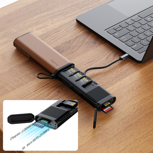The SmallRig 5361 is a compact, all-in-one solution for professional photographers and videographers using Sony cameras with CFexpress Type A cards. This multifunctional device combines a blazing-fast USB 3.2 Gen 2 card reader with intelligent onboard storage and innovative tracking features. Transfer data from CFexpress Type A/B, SD, and Micro SD cards simultaneously at speeds up to 10Gbps (1250MB/s) – move a 1GB file in just 2 seconds. An aluminum heatsink and active cooling system prevent thermal throttling during extended transfers. A dedicated power input port ensures stable, uninterrupted performance even during intensive workflows. The built-in AirTag slot integrates seamlessly with Apple’s Find My network, letting you locate your valuable cards anywhere. Inside, organized slots securely hold up to 4x SD, 2x Micro SD, and 4x CFexpress Type A (or 3x CFexpress Type B) cards, with smart status toggles to instantly see which slots are full or empty. Note: CFexpress Type A is compatible only with Sony models; for Canon, Nikon, and Panasonic, select CFexpress Type B versions.
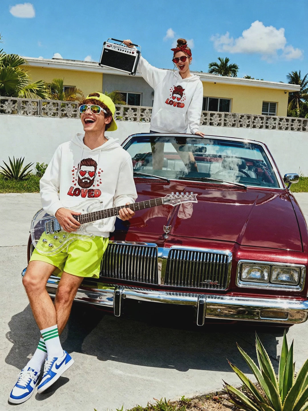 Aimed at fashion-forward couples, these hoodies offer soft 50% cotton-50% polyester fabric, unique “LOVED” retro character prints, attached hoods, long sleeves, and loose fit with excellent warmth. They bring a chic vintage-affection look, perfect for classic car dates or outdoor music events, making your love look effortlessly retro-chic.
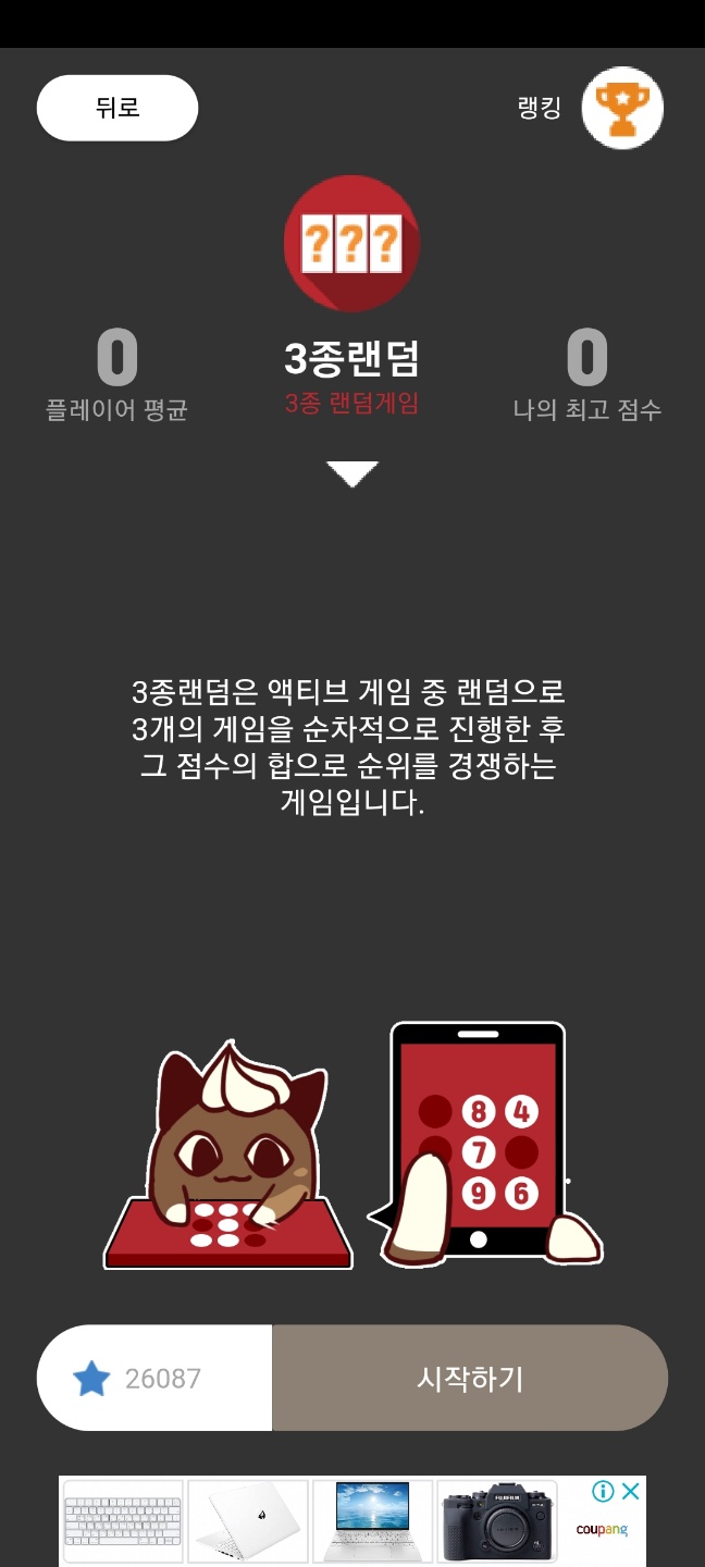 공평한게 좋다면 3종랜덤이 최고죠!^^ 어플에 현존하는 게임중에서 랜덤하게 3종목을 연속으로 플레이하고, 총점수를 합산하여 순위가 매겨집니다!!
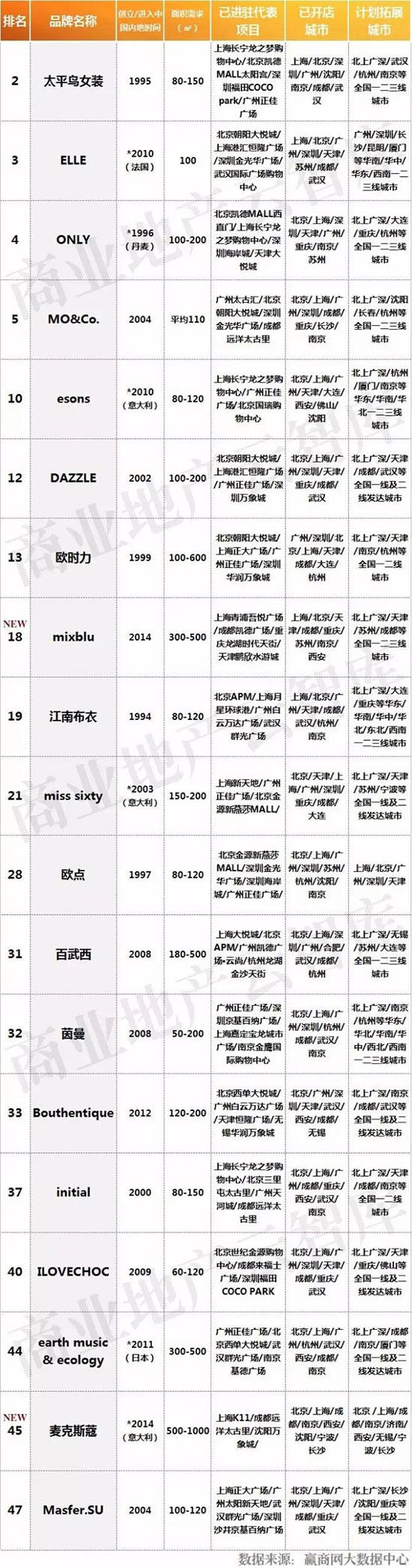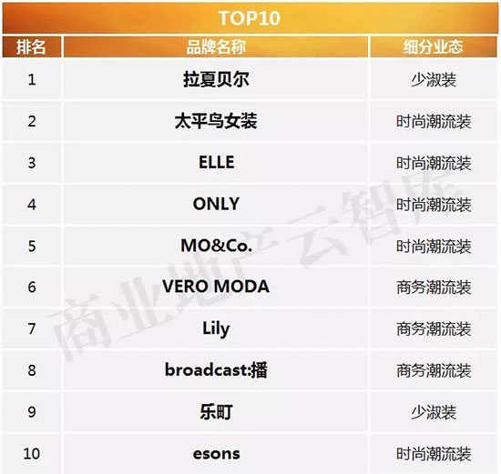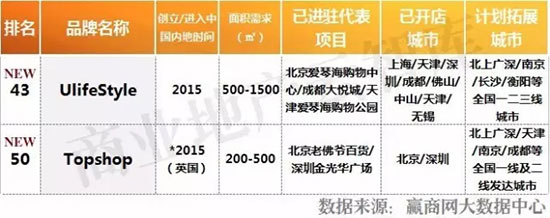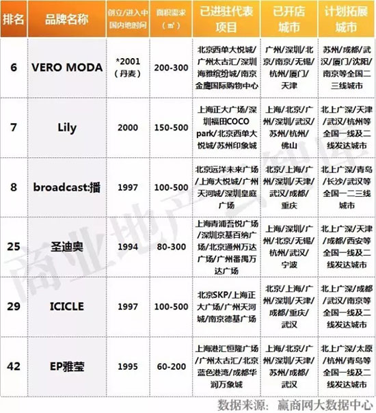 快时尚女装品牌上榜2席,均为2015年创立/进入中国的新兴品牌。

- **What you are asked to do**
The needed output is the lines from the one with "Aimed at fashion-forward" through the end of the listing, written out exactly, both ends included, pictures excluded.

- **Answer space**
 Aimed at fashion-forward couples, these hoodies offer soft 50% cotton-50% polyester fabric, unique “LOVED” retro character prints, attached hoods, long sleeves, and loose fit with excellent warmth. They bring a chic vintage-affection look, perfect for classic car dates or outdoor music events, making your love look effortlessly retro-chic.
 공평한게 좋다면 3종랜덤이 최고죠!^^ 어플에 현존하는 게임중에서 랜덤하게 3종목을 연속으로 플레이하고, 총점수를 합산하여 순위가 매겨집니다!!
 快时尚女装品牌上榜2席,均为2015年创立/进入中国的新兴品牌。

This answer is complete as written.